While claiming to equip children to assert their autonomy, they are actually disempowering them by teaching them that they cannot help having sex. They teach that boys and girls are exactly the same, but that girls have the unfortunate tendency to produce babies, which must be avoided at all costs – and then they use the resultant rise in sexual harassment to argue that the same failed philosophy must be taught to even younger children. 

The Judeo-Christian concept of free will has gone out of the window as far as sex is concerned. The government insists that we should exercise free will when it comes to eating, drinking and driving, but when it comes to “sex and relationships” the only responsibility they teach impressionable children is to avoid having children themselves.

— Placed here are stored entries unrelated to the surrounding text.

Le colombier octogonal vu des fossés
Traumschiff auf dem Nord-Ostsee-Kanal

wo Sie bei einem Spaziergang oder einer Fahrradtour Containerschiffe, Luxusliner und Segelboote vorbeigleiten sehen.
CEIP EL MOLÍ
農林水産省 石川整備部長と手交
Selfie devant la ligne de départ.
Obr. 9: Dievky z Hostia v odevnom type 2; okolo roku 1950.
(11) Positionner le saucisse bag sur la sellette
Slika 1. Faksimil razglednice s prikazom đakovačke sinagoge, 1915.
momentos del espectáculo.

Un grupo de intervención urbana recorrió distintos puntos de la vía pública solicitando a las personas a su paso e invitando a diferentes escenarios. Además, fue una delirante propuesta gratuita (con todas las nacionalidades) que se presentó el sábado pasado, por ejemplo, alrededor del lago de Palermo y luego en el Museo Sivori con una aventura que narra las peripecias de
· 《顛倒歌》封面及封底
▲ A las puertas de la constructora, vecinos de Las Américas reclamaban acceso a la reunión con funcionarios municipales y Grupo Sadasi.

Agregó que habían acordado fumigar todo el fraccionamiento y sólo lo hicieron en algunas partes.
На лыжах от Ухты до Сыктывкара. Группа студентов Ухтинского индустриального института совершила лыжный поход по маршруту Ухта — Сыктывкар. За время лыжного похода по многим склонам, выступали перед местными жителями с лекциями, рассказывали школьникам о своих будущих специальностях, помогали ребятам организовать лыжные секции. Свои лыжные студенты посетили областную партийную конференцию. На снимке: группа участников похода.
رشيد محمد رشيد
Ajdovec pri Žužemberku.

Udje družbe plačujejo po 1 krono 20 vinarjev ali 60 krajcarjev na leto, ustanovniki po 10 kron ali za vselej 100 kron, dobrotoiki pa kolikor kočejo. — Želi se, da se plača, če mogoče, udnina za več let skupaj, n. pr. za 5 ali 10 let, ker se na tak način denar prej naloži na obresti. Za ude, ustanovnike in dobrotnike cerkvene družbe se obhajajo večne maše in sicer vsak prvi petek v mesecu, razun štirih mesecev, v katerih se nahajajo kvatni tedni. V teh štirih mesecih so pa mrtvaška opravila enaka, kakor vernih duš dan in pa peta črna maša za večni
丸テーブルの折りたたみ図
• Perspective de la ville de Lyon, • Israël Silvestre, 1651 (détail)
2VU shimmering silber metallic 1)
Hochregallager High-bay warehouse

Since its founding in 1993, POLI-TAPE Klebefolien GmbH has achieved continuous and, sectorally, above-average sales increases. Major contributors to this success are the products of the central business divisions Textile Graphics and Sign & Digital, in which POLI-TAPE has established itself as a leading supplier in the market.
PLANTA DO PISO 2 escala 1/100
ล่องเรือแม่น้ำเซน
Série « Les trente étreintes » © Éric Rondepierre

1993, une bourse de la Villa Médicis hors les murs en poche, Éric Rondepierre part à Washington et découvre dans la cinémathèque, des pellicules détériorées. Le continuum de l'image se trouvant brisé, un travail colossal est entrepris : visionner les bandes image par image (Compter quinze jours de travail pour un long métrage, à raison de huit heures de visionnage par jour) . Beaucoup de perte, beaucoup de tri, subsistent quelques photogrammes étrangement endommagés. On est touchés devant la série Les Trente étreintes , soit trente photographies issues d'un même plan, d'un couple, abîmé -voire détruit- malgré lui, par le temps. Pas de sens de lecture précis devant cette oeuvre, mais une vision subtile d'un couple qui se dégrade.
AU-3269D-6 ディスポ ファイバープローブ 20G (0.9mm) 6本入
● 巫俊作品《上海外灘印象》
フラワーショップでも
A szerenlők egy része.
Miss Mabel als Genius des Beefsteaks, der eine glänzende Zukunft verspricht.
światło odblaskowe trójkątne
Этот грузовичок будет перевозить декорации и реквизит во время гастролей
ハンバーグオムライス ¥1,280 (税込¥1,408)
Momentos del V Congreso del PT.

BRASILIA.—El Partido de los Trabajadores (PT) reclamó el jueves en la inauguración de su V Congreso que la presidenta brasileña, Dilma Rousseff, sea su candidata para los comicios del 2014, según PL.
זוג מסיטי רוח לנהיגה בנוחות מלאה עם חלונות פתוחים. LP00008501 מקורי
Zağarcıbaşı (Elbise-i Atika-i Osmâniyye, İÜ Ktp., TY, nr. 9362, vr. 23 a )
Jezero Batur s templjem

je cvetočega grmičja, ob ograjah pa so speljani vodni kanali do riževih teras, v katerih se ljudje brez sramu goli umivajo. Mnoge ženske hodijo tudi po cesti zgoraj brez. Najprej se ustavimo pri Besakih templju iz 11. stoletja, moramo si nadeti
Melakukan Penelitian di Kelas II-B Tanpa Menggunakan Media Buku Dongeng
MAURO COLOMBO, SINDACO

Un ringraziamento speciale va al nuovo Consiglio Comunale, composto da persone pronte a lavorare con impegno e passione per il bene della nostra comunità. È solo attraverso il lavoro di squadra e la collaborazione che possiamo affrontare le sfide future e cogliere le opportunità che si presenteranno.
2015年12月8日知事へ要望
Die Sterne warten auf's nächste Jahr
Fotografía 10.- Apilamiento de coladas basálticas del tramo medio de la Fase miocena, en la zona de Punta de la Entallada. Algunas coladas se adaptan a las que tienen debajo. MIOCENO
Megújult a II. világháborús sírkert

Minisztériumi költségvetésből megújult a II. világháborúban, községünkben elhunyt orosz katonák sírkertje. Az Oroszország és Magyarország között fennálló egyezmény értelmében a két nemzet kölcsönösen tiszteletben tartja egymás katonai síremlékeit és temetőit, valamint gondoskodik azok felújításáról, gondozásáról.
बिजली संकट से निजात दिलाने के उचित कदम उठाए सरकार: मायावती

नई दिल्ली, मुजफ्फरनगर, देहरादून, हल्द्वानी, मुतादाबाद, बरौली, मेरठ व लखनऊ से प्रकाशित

And with the imminent introduction of lessons about homosexuality and “being transgender” they have found even more inventive ways of curbing reproduction, all while appearing go-ahead.

It would come as a surprise to the Rev Thomas Malthus to learn that promoting sex is now regarded as the most effective way of controlling the population; but we all need to learn this lesson while there is still time to prevent the rise of a very modern form of totalitarianism – one supposedly based on “freedom”.

Ann Farmer lives in the UK. She is the author of By Their Fruits: Eugenics, Population Control, and the Abortion Campaign (CUAP, 2008); The Language of Life: Christians Facing the Abortion Challenge (St Pauls, 1995), and Prophets & Priests: the Hidden Face of the Birth Control Movement (St Austin Press, 2002).

Notes:

*Helen Brook, Letter, The Times, December 10, 1984, quoted in E. S. Williams, Lessons in Depravity: Sex education and the sexual revolution (London: Belmont House Publishing, 2003), pp. 177-178.

**E. S. Williams, Lessons in Depravity: Sex education and the sexual revolution (London: Belmont House Publishing, 2003), p. 224).